## Your task
As soon as the line containing "- Полукомбинезон: регулируемые" appears in the material below, start returning lines exactly, and end with the line containing "Aged Large Gear".

## Available records
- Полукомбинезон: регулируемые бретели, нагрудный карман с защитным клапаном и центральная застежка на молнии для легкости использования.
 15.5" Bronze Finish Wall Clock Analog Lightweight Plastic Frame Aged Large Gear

--

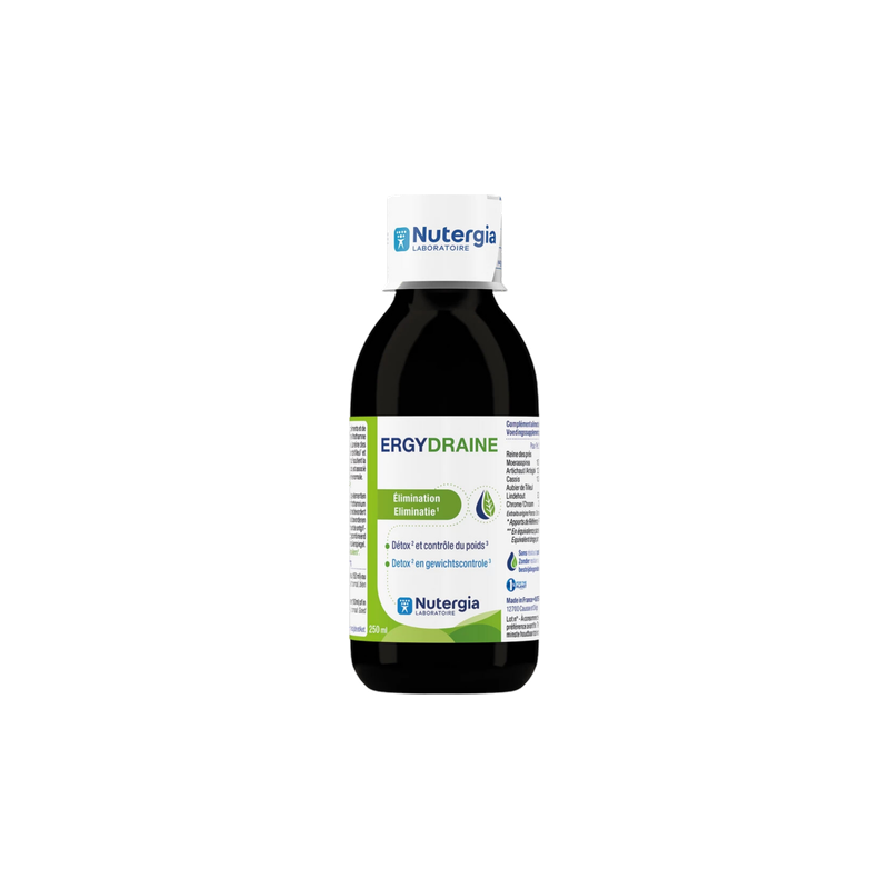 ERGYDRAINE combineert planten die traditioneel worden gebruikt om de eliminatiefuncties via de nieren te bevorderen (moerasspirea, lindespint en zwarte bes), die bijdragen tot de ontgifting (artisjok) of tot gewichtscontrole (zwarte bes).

* * *

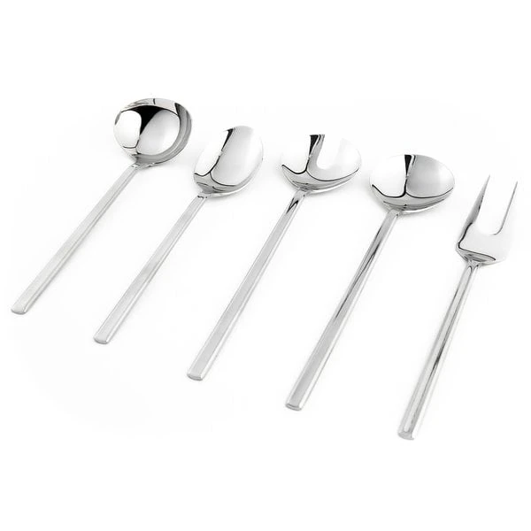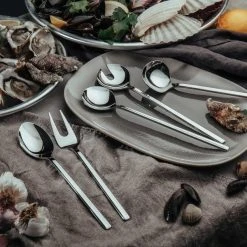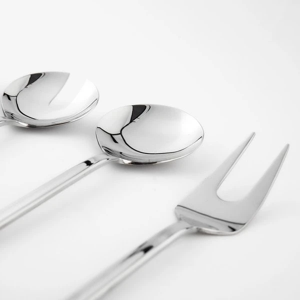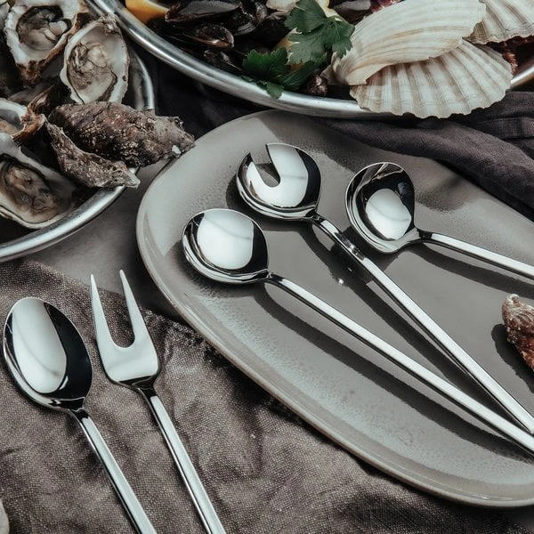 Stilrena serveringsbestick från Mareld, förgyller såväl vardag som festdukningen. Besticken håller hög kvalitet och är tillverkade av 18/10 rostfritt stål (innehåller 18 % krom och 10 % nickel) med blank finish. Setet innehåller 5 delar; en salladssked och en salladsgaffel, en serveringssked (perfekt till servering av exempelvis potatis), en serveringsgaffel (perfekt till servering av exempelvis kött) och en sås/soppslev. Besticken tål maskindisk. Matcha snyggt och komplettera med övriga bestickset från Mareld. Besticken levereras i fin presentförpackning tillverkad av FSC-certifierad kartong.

## Answer area
- Полукомбинезон: регулируемые бретели, нагрудный карман с защитным клапаном и центральная застежка на молнии для легкости использования.
 15.5" Bronze Finish Wall Clock Analog Lightweight Plastic Frame Aged Large Gear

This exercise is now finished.